It was a perfectly innocent question I had put across the floor that spring of 2008.
All right, there was a thread of naivety in it - perhaps up there with the question I once unwittingly asked of a magistrate as a rookie court reporter.
We happened to be sharing a table at a hotel restaurant during lunch and I asked: "Do you think the accused is guilty?"
Anyhow, let us move on to a grinning Hunter Mahan who had just pocketed the US$1.5 million ($1.9 million) prize for having won the inaugural made-for-TV four-way Kiwi golf challenge culminating at Cape Kidnappers course, thanks to the Hawke's Bay resort owner and Wall Street tycoon Julian Robertson.
The PGA world No38 in those days, Mahan was referring to his sports psychologist, Neale Smith, in the same breath as his title-winning clutch shots that stole the thunder from fellow Americans Anthony Kim and Brandt Snedeker as well as Australian Adam Scott.
So I asked: "Did he [the shrink] say anything that made a difference to your game?"
That victorious smile instantly deserted him, like the many dimpled titanium balls that develop a mind of their own as they hurtle towards anywhere but the pin planted precariously on the prime man-made patch of real estate.
Mahan had slipped on his game face, eyes locked as if to ask: "Are you for real?"
He reacted with a glare reserved for Philistines who dare to utter a word or snap a photograph when the professionals are about to tee off.
I was guilty of ignorance, the designer clothes-clad one casually pointed out as one would to a social hacker who walks right past without replacing his divvy on the fairway.
Hey, in my defence few journalists from the outback of New Zealand have had the privilege of covering a PGA Tour event, let alone any other distant relative in the OneAsia circuit.

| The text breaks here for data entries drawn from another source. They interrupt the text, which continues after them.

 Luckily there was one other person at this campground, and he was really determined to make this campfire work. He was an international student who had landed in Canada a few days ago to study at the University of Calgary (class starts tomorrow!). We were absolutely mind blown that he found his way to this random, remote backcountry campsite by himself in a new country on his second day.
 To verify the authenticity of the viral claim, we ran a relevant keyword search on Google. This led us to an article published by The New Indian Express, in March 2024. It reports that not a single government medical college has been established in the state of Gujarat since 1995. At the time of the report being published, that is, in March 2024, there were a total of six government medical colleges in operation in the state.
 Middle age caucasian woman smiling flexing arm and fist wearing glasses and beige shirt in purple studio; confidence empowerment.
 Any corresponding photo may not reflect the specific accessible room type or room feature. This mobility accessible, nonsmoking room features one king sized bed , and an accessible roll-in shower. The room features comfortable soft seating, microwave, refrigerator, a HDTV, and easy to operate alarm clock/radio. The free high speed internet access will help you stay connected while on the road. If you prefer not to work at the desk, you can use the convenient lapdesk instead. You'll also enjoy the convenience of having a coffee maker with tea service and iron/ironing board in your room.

I wasn't any wiser than most other media wallahs - TV One's Peter Williams excluded - when course officials used ropes to herd us like livestock on the former sheep station overlooking panoramic views of the ocean.

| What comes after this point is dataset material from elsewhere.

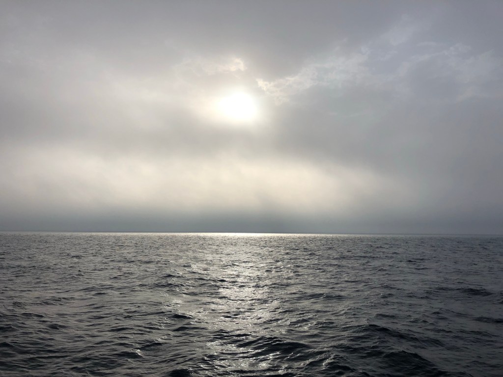 Eventually the wind died, the engine came on and we motored through the night. We had an uneventful night, unfortunately the cloud returned so we couldn’t see the sunset, moon or sunrise, just some bioluminescence in the water created by our wake

I incorrectly assumed that if Mahan's caddie, John Wood, could walk the entire course to furiously take notes on every dogleg and wildlife sanctuary during inclement weather on the eve of the Kiwi Challenge then what could possibly be the big deal about a golfer consulting his mental mentor at the height of battle.
It is, for the record, a sin to consult any coach - mental or technical - although, like tennis, there's nothing stopping them from developing cryptic body signals without a word uttered.
Hastings PGA professional Brian Doyle emphasises how valuable a caddie becomes as a player's only point of contact on the course.
While codes such as golf, tennis and cricket are steeped in tradition and etiquette and more likely to shorten the hemlines of skirts than change rules, what harm could it do to pave the way for players to consult coaches.
In fact easing archaic conventions may enhance player performance and heighten viewer interest.
So when Sky TV cricket commentators wonder what Black Caps bowling coach Shane Bond was doing talking to Neil Wagner on the boundary it is perfectly all right to say: "So what?"
For all we know they may have been talking about what they had for Christmas or what their New Year Day plans were but why shouldn't they be allowed to talk shop.
"Hey, Wags. Why not go around the stumps to Kumara Sangakkara and try cross seam," Bond may suggest to Wagner during the one-day internationals when the white ball starts dictating terms.
Central Districts Stags mental coach Gary Hermansson, who received a gong on this New Year's Honour's list, regularly skirted the ropes to put the minds of players at ease.
The players are professionals who have acquired an acceptable level of skills to know what they are doing wrong but, as US Open champion Michael Campbell revealed, aliens had possessed his body.
Sure, some of the most memorable moments in sport come from mental meltdowns but allowing mentors to exorcise the demons can add a totally fresh dimension to games.
"Ah, look at the difference Bondy's just made to Milney's approach to the bowling crease, Rigger," Simon Doull will say to fellow commentator and ex-Black Cap Mark Richardson.
Some codes are light years behind when American football uses Microsoft Surface tablets on the sidelines for things like instant replays, checking out medical records and concussion testing, albeit some of the members of coaching stable are still trying to get their heads around it.
It's time for codes such as cricket, golf and tennis to switch on or find themselves sucked into the black hole of inertia.